Book of the week is James C Scott’s Against The Grain (UK) (US) – an examination of the origins of civilisation. Scott – best known for the magnificent Seeing Like A State (US) (UK) – is on fascinating form. There’s a fine long review by John Lanchester in the New Yorker.

I’ve been enjoying Ed Thorp’s A Man For All Markets (UK) (US).  Thorp is a quite brilliant thinker about both gambling and investment – he also built a wearable computer with Claude Shannon to predict the fall of the ball on a roulette table. So far this is a fascinating autobiography. Thought-provoking foreword by Nassim Taleb, too, who emphasises the simple practicality of Thorp’s approach.

Then there’s Paul Goodwin’s Forewarned (UK) (US) – which at first glance seems to be a great survey of what works and what doesn’t in the forecasting game. (It’s next on my list to read.)

 

Bro-casts

I’m going to admit to listening to The Art of Manliness and The Tim Ferriss Show, at least on occasion, because there are occasional gems. Check out this fascinating interview about the professor who taught Homer’s Odyssey to a class including his on octogenarian father – and what both the text and the class taught him about the relationship between fathers and sons. And here’s Mr Money Moustache on Ferriss’s podcast.

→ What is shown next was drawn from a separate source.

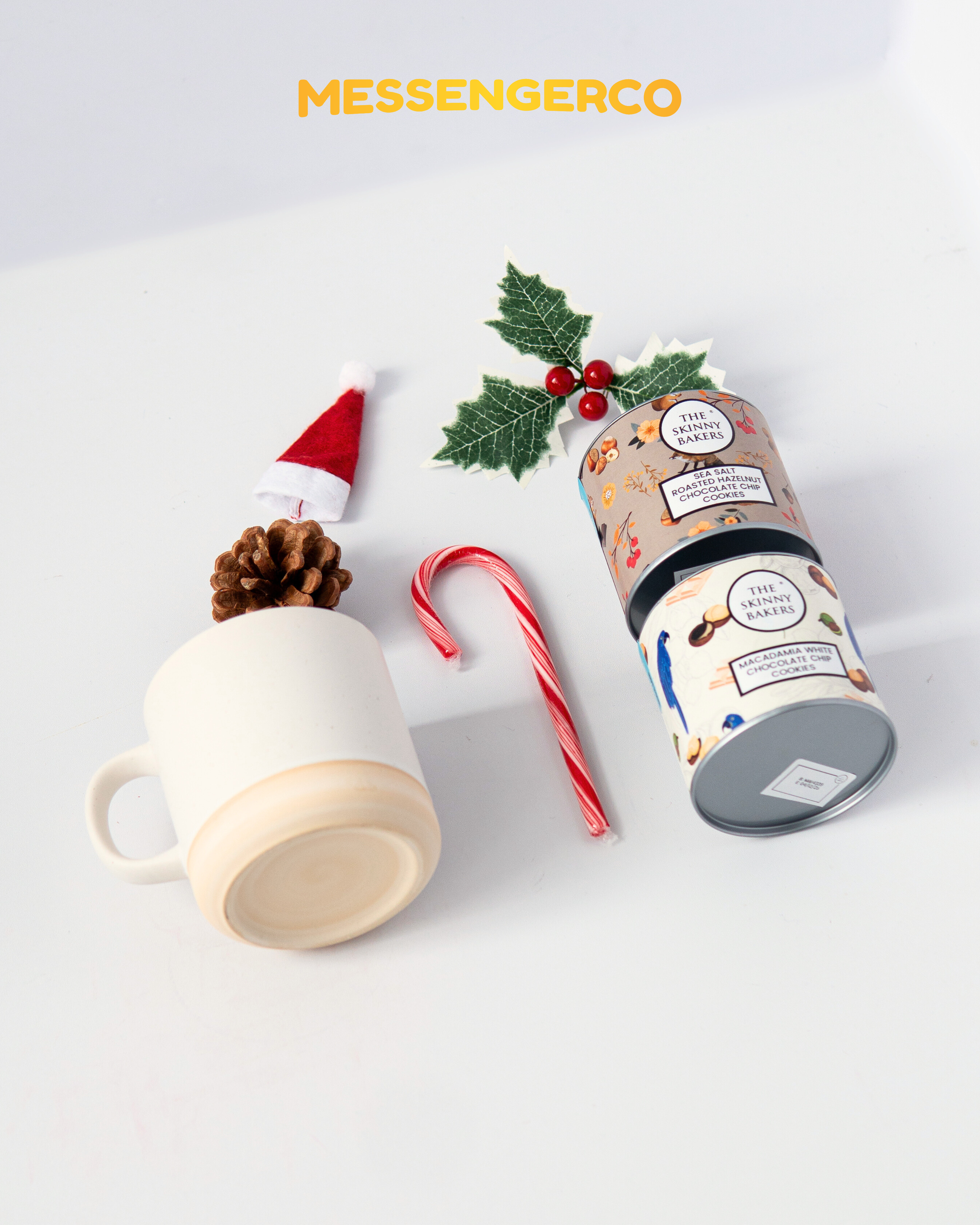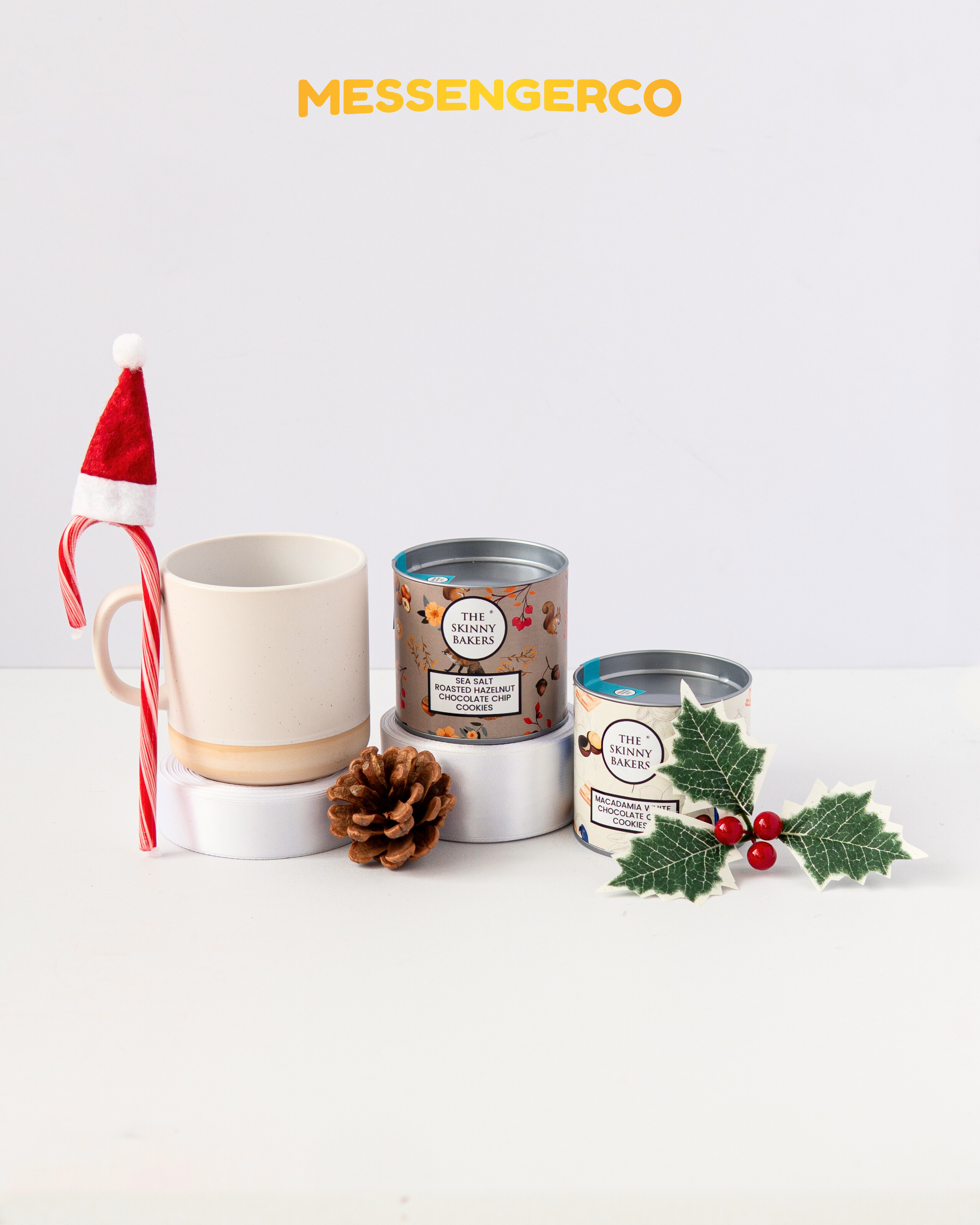 1. SKI0093-04389: Small canister – Macadamia White Chocolate Chip Cookies. A delicious treat combining crunchy macadamias and smooth white chocolate for a festive indulgence.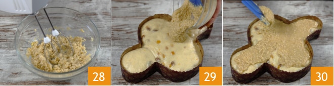 Travaillez avec les fouets électriques jusqu'à obtenir une préparation homogène et crémeuse 28. Puis étalez sur la colombe 29 en utilisant une spatule pour répartir le glaçage sur toute la surface 30.

And not-at-all Bro-ish, but I loved this recent episode of The Why Factor about why we ask “so what do you do?” of strangers – and whether we can do better than that question. Wonderful radio.

 

The Search For the Fifty First Thing

If you’ve been enjoying the book / series of Fifty Things That Made the Modern Economy you can vote for one more special episode here (until noon GMT 6 October 2017) – the shortlist of six is worth a look!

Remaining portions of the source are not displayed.